Quickstart guide#
Get ready#
MolSysMT is currently distributed as a conda package. As such, to follow this quickstart guide, we recommend the next steps.
Install Conda in your machine and create a new working environment:
conda create -n MolSysMT python=3.12
Activate the new environment and install MolSysMT and Jupyter Lab:
conda activate MolSysMT
conda install -c uibcdf molsysmt
conda install -c conda-forge jupyterlab
Finally, launch Jupyter Lab and in a new Python notebook import the library:
import molsysmt as msm
A molecular system#
Let’s define a first molecular system with a PDB id.
molecular_system = '181L'
In MolSysMT’s language, a molecular system can have different forms. For example, a PDB id, the corresponding PDB file or BinaryCIF file, a trajectory object of mdtraj or pytraj, an NGLWidget of nglview, or a MolSys native object of MolSysMT, can be all different forms of a molecular system. And not every form has the same attributes. Some forms contain a list of atom names, atom residues, chains… and other contain spatial coordinates of their atoms, velocities… but they can be all different representations of the same system.
form = msm.get_form(molecular_system)
print(f'The molecular system has the "{form}" form')
The molecular system has the "string:pdb_id" form
We can get a description any molecular system with the help of the molsysmt.info function:
msm.info(molecular_system)
| form | n_atoms | n_groups | n_components | n_chains | n_molecules | n_entities | n_waters | n_ions | n_small_molecules | n_proteins | n_structures |
|---|---|---|---|---|---|---|---|---|---|---|---|
| string:pdb_id | 1441 | 302 | 141 | 6 | 141 | 5 | 136 | 2 | 2 | 1 | 1 |
To follow with this “Quick guide”, we will need an appropriate form of our system. Let’s try to work with the native form molsysmt.MolSys since working all the time with the PDB id is not efficient.
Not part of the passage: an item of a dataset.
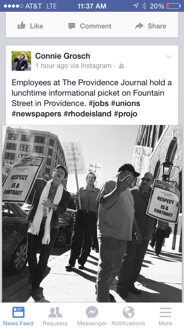 A picture of Monday's picket line, which prominently featured Providence Journal Sports Columnist Billy Reynolds, was posted by former Providence Journal photographer Connie Grosch.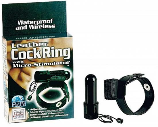 Кожанная эрекционная насадка с вибратором LEATHER COCK RING. Водонепроницаемый. Возможно использование без вибратора.

Forms conversions can be done with one of the most relevant MolSysMT basic functions: molsysmt.convert().
molecular_system = msm.convert(molecular_system, to_form='molsysmt.MolSys')
old_form = form
form = msm.get_form(molecular_system)
print(f'The molecular system was converted from "{old_form}" to "{form}"')
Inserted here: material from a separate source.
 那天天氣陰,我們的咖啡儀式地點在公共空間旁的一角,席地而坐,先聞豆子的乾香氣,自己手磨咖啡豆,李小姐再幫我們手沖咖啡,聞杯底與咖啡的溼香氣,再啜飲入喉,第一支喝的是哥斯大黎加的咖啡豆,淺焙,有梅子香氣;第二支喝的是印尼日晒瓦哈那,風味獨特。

The molecular system was converted from "string:pdb_id" to "molsysmt.MolSys"
Note
MolSysMT includes some native forms such as ‘molsysmt.MolSys’, ‘molsysmt.Topology’ or ‘molsysmt.Structures’.
Elements selection#
One of the most common steps in every workflow when working with a molecular system model is the elements selection.
A molecular system is composed of elements. The basic and fundamental element is the “atom”. But other levels of hyerarchical groups of atoms are defined by other elements such as “group”, “component”, “molecular”, “chain” or “entity”.
Some selection examples#
Let’s get a general information summary regarding “entity” elements:
msm.info(molecular_system, element='entity')
| index | name | type | n atoms | n groups | n components | n chains | n molecules |
|---|---|---|---|---|---|---|---|
| 0 | T4 LYSOZYME | protein | 1289 | 162 | 1 | 1 | 1 |
| 1 | CHLORIDE ION | ion | 2 | 2 | 2 | 2 | 2 |
| 2 | 2-HYDROXYETHYL DISULFIDE | small molecule | 8 | 1 | 1 | 1 | 1 |
| 3 | BENZENE | small molecule | 6 | 1 | 1 | 1 | 1 |
| 4 | water | water | 136 | 136 | 136 | 1 | 136 |
To quickly introduce how the selection tool works in MolSysMT, let’s illustrate its use getting the atom indices from the entity type “ion”:
ions = msm.select(molecular_system, selection='entity_type=="ion"')
print(ions)
[1289, 1290]
To proof that these atom indices correspond in deed to ions, let’s use again the function molsysmt.info this time with the input argument element='atom':
msm.info(molecular_system, element='atom', selection=ions)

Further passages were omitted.